In order to reach an opinion and communicate the value and volatility of a covered security, analysts research public financial statements, listen in on conference calls and talk to managers and the customers of a company, typically in an attempt to come up with findings for a research report.

Ultimately, through all this investigation into the company's performance, the analyst decides whether the stock is a "buy," sell," or hold." The question remains, however, is whether or not these recommendations are worth their salt? (For background on how research reports are generated, see "Analyst Recommendations: Do Sell Ratings Exist?")

The Scale of Ratings

The analyst ratings scale is a tad trickier than the traditional classifications of "buy, hold and sell." The various nuances, detailed in the following chart, include multiple terms for each of the ratings ("sell" is also known as "strong sell," "buy" can be labeled as "strong buy"), as well as a couple of new terms: underperform and outperform.


 

To top it off, not every firm adheres to the same ratings schema: an "outperform" for one firm may be a "buy" for another and a "sell" for one may be a "market perform" for another. Thus, when using ratings, it is advisable to review the issuing firm's rating scale, in order to fully understand the meaning behind each term.

Mapping the Basics

For now, let us dissect the traditional ratings of "sell," "underperform," "hold," "outperform" and "buy," and assume that each firm, no matter how wacky the system, can map back to these.

  • Buy: Also known as strong buy and "on the recommended list." Needless to say, buy is a recommendation to purchase a specific security.
  • Sell: Also known as strong sell, it's a recommendation to sell a security or to liquidate an asset.
  • Hold: In general terms, a company with a hold recommendation is expected to perform at the same pace as comparable companies or in-line with the market.
  • Underperform: A recommendation that means a stock is expected to do slightly worse than the overall stock market return.
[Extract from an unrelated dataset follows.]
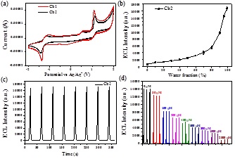 而Cb2表现出了明显的聚集诱导电化学发光(AIECL)性能,且表现出优良的ECL稳定性。同时Cb2可应用于神经递质多巴胺浓度检测,在生物检测领域表现出潜在的应用价值。
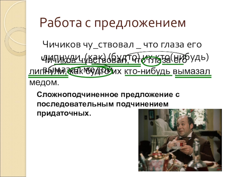 Сложноподчиненное предложение с последовательным подчинением придаточных.

Underperform can also be expressed as "moderate sell," "weak hold" and "underweight."
  • Outperform: Also known as "moderate buy," "accumulate" and "overweight." Outperform is an analyst recommendation meaning a stock is expected to do slightly better than the market return.

Should an investor react accordingly to new analyst's recommendations and adjust a position based on the analyst's rating alone? Of course not. The research report and subsequent rating should be used to complement individual homework and strategy.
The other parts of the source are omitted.